# What curves space and bends light: Mass or Gravity?

1. Oct 29, 2015

### Doug Brown

my father who is an MBA not a PhD asked me:

Which is it more correct to say Mass curves space and bends light or Gravity curves space and bends light or Mass curves space and gravity bends light or some other phrasing?

Interesting distinction you're seeking

Gravity causes space-time curvature and the latter cause light to bend but Gravity has two sources, one of which has nothing to do with mass.

Gravity not mass is thus Supreme

First consider the Equivalence Principle

The Equivalence Principle says that there is an equivalence between a frame of reference in a gravitational field (the person in the elevator feels gravity pulling him onto the floor) and a frame of reference which is accelerating at the right rate (the person still feels pulled to the floor)

So you have the feeling by an observer of gravity in the two cases. 1) a nearby mass causes gravity or 2) a constant acceleration causes gravity without a nearby mass

The issue is if there is no nearby mass then one wonders what agency or agent is causing a constant acceleration of the reference frame? Clearly it takes a lot of power or energy to constantly accelerate a reference frame (an observing person) so one wonders if mass isn't doing it what is? (A rocket engine could be hurtling the observer through empty space-time far from any masses)

Assuming simply that there is constant acceleration (by whatever cause) then it would appear that it is the constant acceleration causing curvature of space which bends light

When objects fall or ppl are forced into elevator floors or light bends it is equivalent to all of those objects following curved space time lines

To conclude let's define gravity as equivalent to constant acceleration

You can have space-time curvature without mass

You cannot have space-time curvature without gravity (constant acceleration)

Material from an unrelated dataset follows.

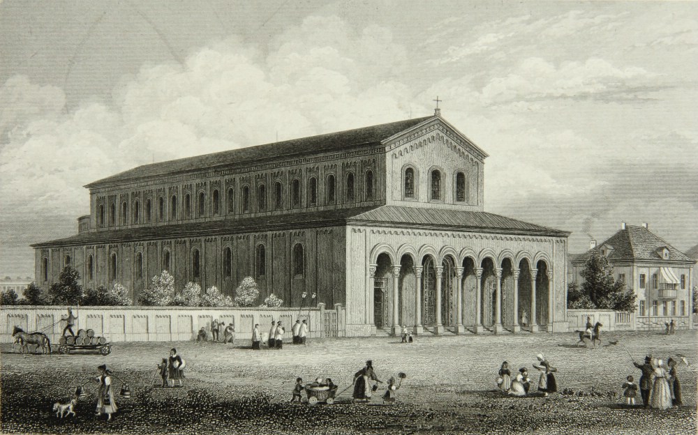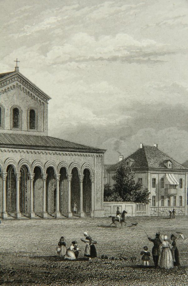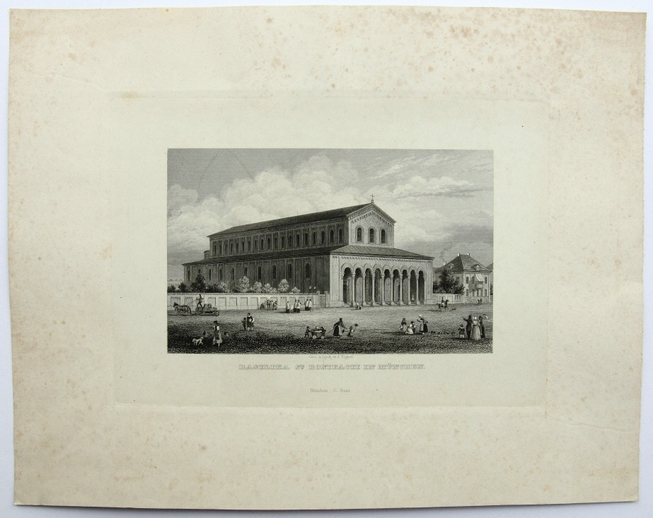 - Description: Johann Gabriel Friedrich POPPEL (1807 Hammer – 1882 Ammerland), Southwest view of the basilica of St. Bonifaz Abbey in Munich, built between 1838 and 1850 by Georg Friedrich Ziebland, steel engraving. Description: Steel engraving on paper. rolled on paper. Signed and titled in the printing plate below the image.

So I'd say it was constant acceleration or gravity which causes all these effects: curvature of space, bending of light, ppl being forced into elevator floors

Since they all can happen without mass but which then implies some unknown cause for constant acceleration this means that mass cannot be Primal Cause

Constant acceleration or Gravity is the Primal Cause for all of these phenomena and matter or mass just is a simple way of achieving Gravity but there is another way to cause Gravity without matter or mass and that is by externally applying a force which results in constant acceleration

Big question is if mass or matter isn't present then how in tarnations is constant acceleration being caused or forced ?

The answer is a rocket engine delivering propulsion or thrust.

If that answer is irrelevant then Gravity alone is Primal Cause but mass or matter isn't!

Do General Relativists or other physicists or interested observers of this web forum agree?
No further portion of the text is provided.